» WORK INSTRUCTIONS:
Show each line from the listing that includes the word "after".

» RECORDS SUPPLIED:
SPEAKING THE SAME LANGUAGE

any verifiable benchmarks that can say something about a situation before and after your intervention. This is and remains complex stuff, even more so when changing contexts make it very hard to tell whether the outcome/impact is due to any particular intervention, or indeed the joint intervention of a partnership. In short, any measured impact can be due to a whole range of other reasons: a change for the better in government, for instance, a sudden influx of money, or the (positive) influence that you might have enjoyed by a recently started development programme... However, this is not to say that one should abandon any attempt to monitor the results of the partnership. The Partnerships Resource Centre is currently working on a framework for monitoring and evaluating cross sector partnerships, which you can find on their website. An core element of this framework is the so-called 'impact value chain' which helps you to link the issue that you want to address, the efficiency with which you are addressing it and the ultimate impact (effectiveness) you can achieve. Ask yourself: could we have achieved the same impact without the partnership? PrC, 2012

* * *

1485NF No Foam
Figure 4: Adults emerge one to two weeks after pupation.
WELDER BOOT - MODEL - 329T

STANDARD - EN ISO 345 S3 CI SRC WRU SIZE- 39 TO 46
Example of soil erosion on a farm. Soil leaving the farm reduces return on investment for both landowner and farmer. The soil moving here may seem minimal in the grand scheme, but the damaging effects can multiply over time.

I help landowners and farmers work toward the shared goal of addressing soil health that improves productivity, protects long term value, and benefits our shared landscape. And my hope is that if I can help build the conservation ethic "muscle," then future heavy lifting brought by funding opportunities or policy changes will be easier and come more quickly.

» ANSWER FOR THE TASK:
any verifiable benchmarks that can say something about a situation before and after your intervention. This is and remains complex stuff, even more so when changing contexts make it very hard to tell whether the outcome/impact is due to any particular intervention, or indeed the joint intervention of a partnership. In short, any measured impact can be due to a whole range of other reasons: a change for the better in government, for instance, a sudden influx of money, or the (positive) influence that you might have enjoyed by a recently started development programme... However, this is not to say that one should abandon any attempt to monitor the results of the partnership. The Partnerships Resource Centre is currently working on a framework for monitoring and evaluating cross sector partnerships, which you can find on their website. An core element of this framework is the so-called 'impact value chain' which helps you to link the issue that you want to address, the efficiency with which you are addressing it and the ultimate impact (effectiveness) you can achieve. Ask yourself: could we have achieved the same impact without the partnership? PrC, 2012
Figure 4: Adults emerge one to two weeks after pupation.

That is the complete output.